I was just thinking about it. I vaguely remember a debate we had on one of the two lists at some point (but I may be wrong, I tried googling for it, to no avail) about implementing a mode() function and we got collectively stuck on the case when you have multimodal data. Plus, diff-ing the output of ecdf() wull give you trouble if the mode happens to be the smallest element of the vector.

True, that was a bug. Try this corrected version:

<hansl>

function matrix mode(matrix v)

# v should be a vector

E = ecdf(vec(v))

howmuch = diff(0 | E[,2])[2:] # make sure the 1st is also
diffed

where = imaxc(howmuch)

return E[where, 1] | howmuch[where]

end function

</hansl>

but then, in case of multi-modal data, what should be done is debatable.
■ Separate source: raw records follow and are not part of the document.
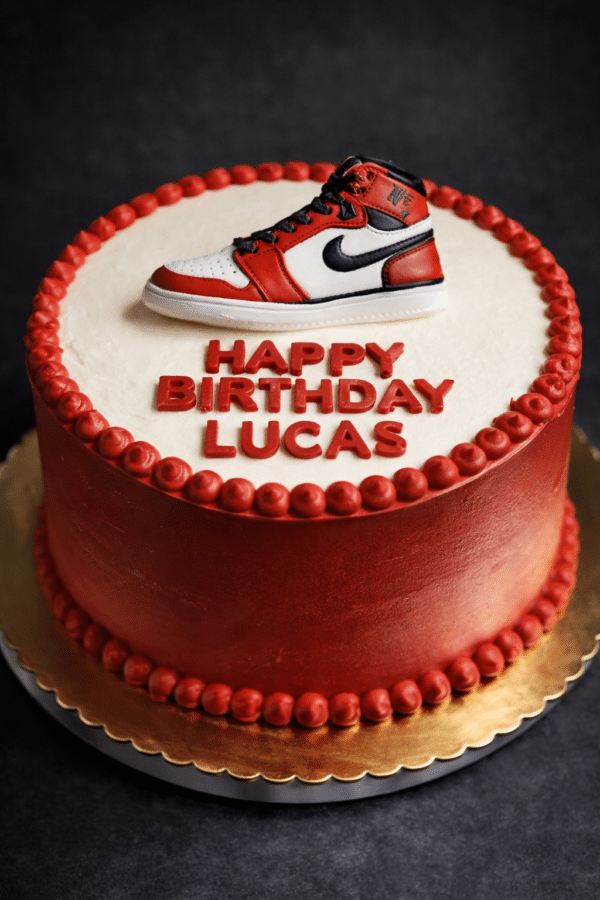 Striking, modern, and instantly recognizable, this cake transforms sneaker culture into an unforgettable centerpiece. It blends clean lines, confident styling, and meticulous craftsmanship — making it perfect for celebrations where identity and passion matter.
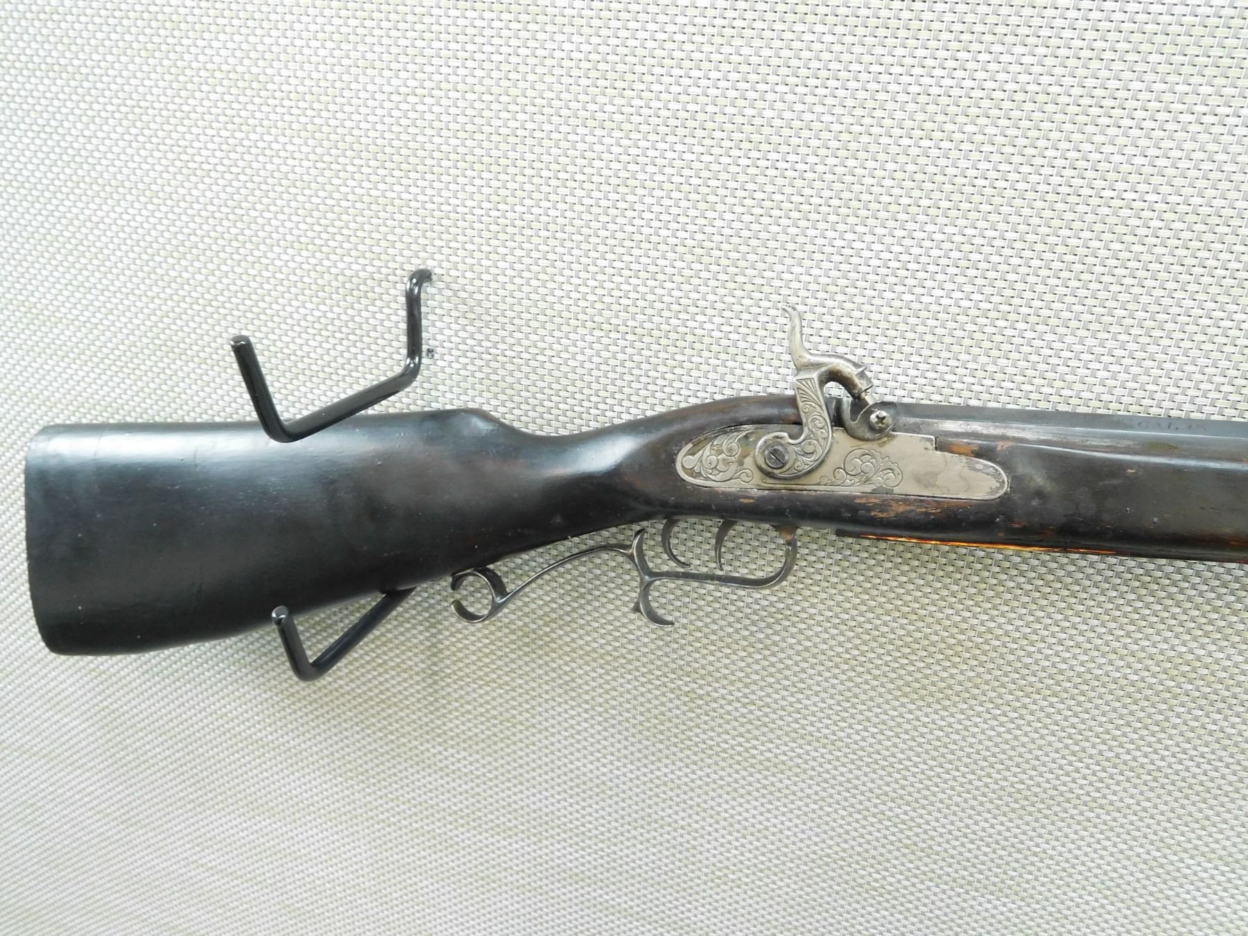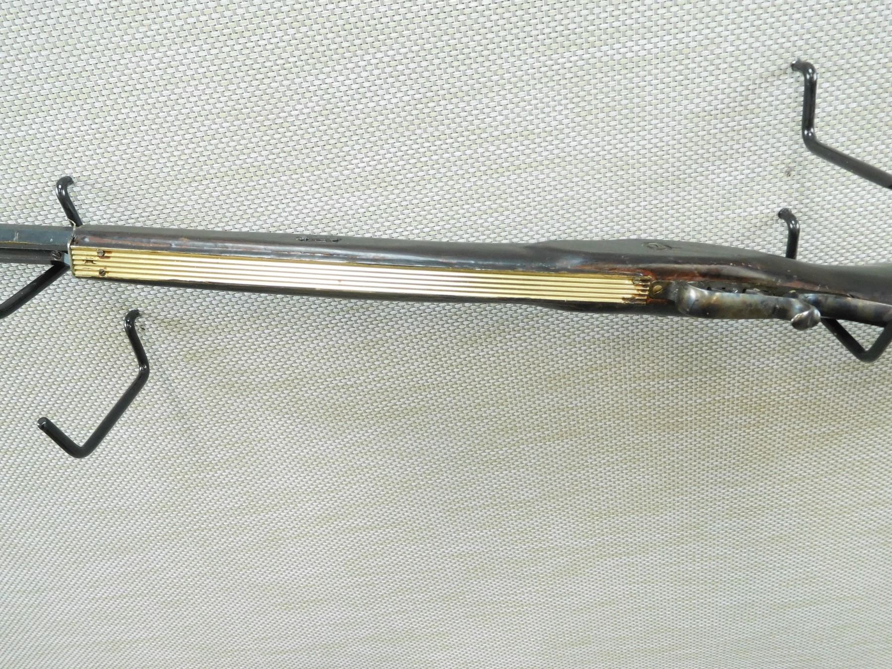 THOMPSON CENTER , MODEL: HAWKEN REPRODUCTION , CALIBER: 45 CAL PERCUSSION , SHOWS EXTENSIVE HANDLING MARKS, HEAVY OCTAGONAL BARREL, GOOD BORE, BRASS UNDERRAIL HAS BEEN ADDED TO FOREND, SET TRIGGER, STOCK HAS BEEN EXTENDED, MISSING THE BUTT PLATE, ENGRAVED SIDE PLATE, MISSING THE RAM ROD, BLADE FRONT AND FIXED REAR SIGHT , BARREL LENGTH: 28" , SERIAL # 131112 , STOCK # 7983 , CONDITION: 4/10 , CLASS: CANADIAN NON RESTRICTED CLASS
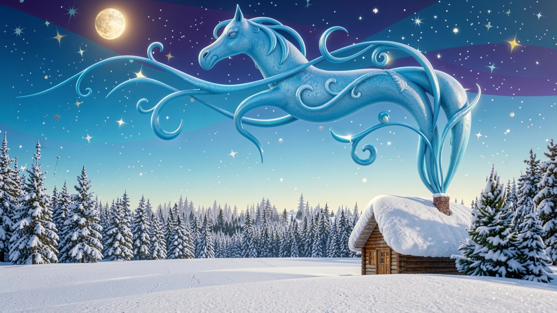 Голубой призрачный конь над заснеженным лесом
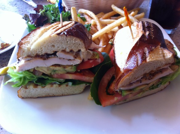 There are times when the sandwich you eat is the perfect sandwich. There are also times when the sandwich you eat is the perfect sandwich for that particular time or occasion. This offering from the La Brea Bakery was possibly both. Recently re-opened just outside of the gates of Disney’s California Adventure, the La Brea Bakery is, naturally, known for its fresh-baked bread. When I saw that one of its items was served on a pretzel roll, I did not hesitate. My adoration for the pretzel roll is, I believe, well-documented on this site.
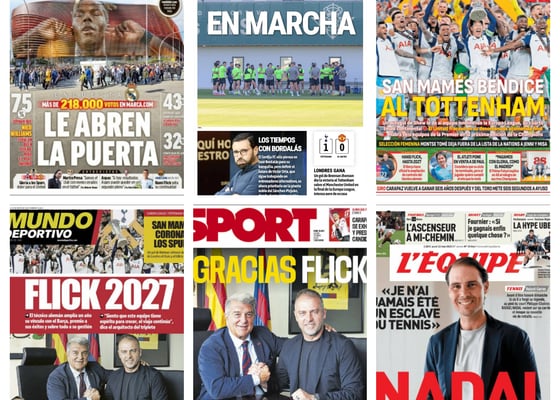 Las portadas deportivas del jueves 22La renovación de Flick, Nico Williams y el Madrid, el Tottenham se corona en la Europa League... así vienen las portadas
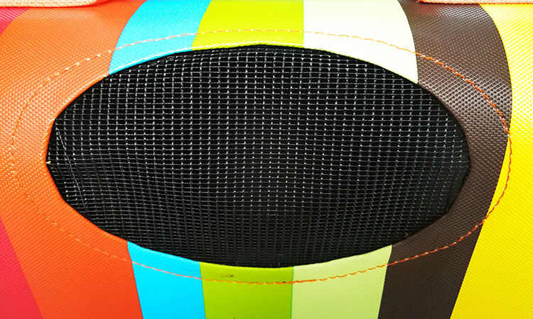 背包正面跟2个侧面都有透气网格,网格结实耐抓。
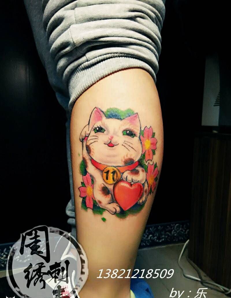 招财猫纹身图片_腿部欧美清新动物成品纹身图案
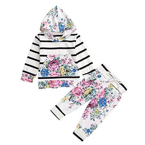 (プタス) Putars子供の秋と冬の白いセーターストライプのコート花プリントスポーツウェアホーム服キャンプ6ヶ月〜24ヶ月
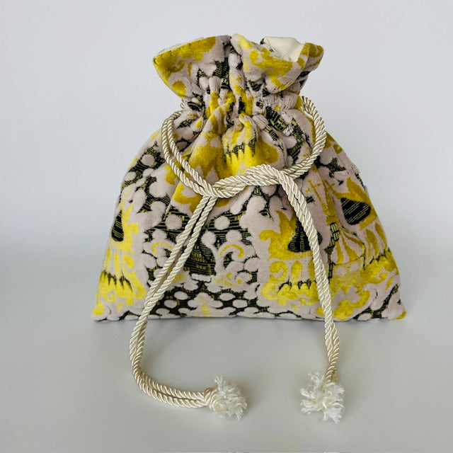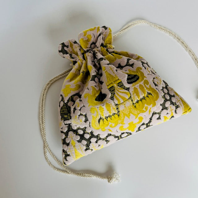 和歌山県で織られている金華山生地で巾着バッグを制作しています。 立体感のある伝統的な織物で、日常使いしていただけるバッグを ハンドメイドで仕立ています。
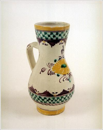 Origin: Mezőberény Technique: Made by a potter from Berény, white-glazed, yellow flower in the middle, green and brownish violet squared and dotted stripes on the two rims. Size: H: 23 cm bottom: 7.5 cm
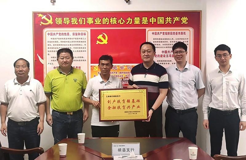 工行南宁分行把脱贫攻坚的政治责任担在肩上,情系百姓,始终将扶贫工作作为重点来抓,坚持定点扶贫和金融精准扶贫相结合,积极推动精准扶贫落地见效。2021年3月30日,工行南宁横县支行荣获定点扶贫村大沙村委党支部赠匾,表彰该行帮扶的113户贫困户全部脱贫,出色完成脱贫攻坚任务。李霄黄海帆摄影报道
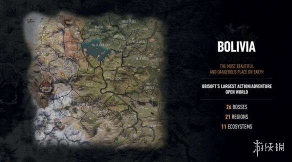 这款游戏是育碧有史以来地图最大的开放世界游戏,在游戏中包括了21个区域。和26个boss。地图横跨沼泽,高山,丛林等11种生态系统。总面积达到了440平方公里,几乎有2个《GTA5》那么大。在游戏中玩家如果仅仅依靠步行,花上一个小时都无法通过全图。

This is partly inherited from the imax*/imin* suite of gretl
functions. In 2015 we briefly discussed this on-list. I wrote:

' FWIW, (Python's) Numpy's argmax() and argmin() functions
explicitly note that:

"In case of multiple occurrences of the maximum values, the
indices corresponding to the first occurrence are returned."'

And you answered:

'This makes sense. I'm not sure if in fact we follow this policy,
but if we agree we should I can have a go the the C code to make
sure we do, and of course update the docs.'

It looks as if the gretl docs are still silent on the issue.
Actually I was surprised that apparently imaxc in your example uno
gave the last value, I thought it would return the first of the
multi-modes.

I see you're using the mode function as a heuristic criterion to find the data dimensions; maybe we could figure out something else.

I'm happy to hear suggestions. The max line length didn't work because of the file structure.

thanks,

sven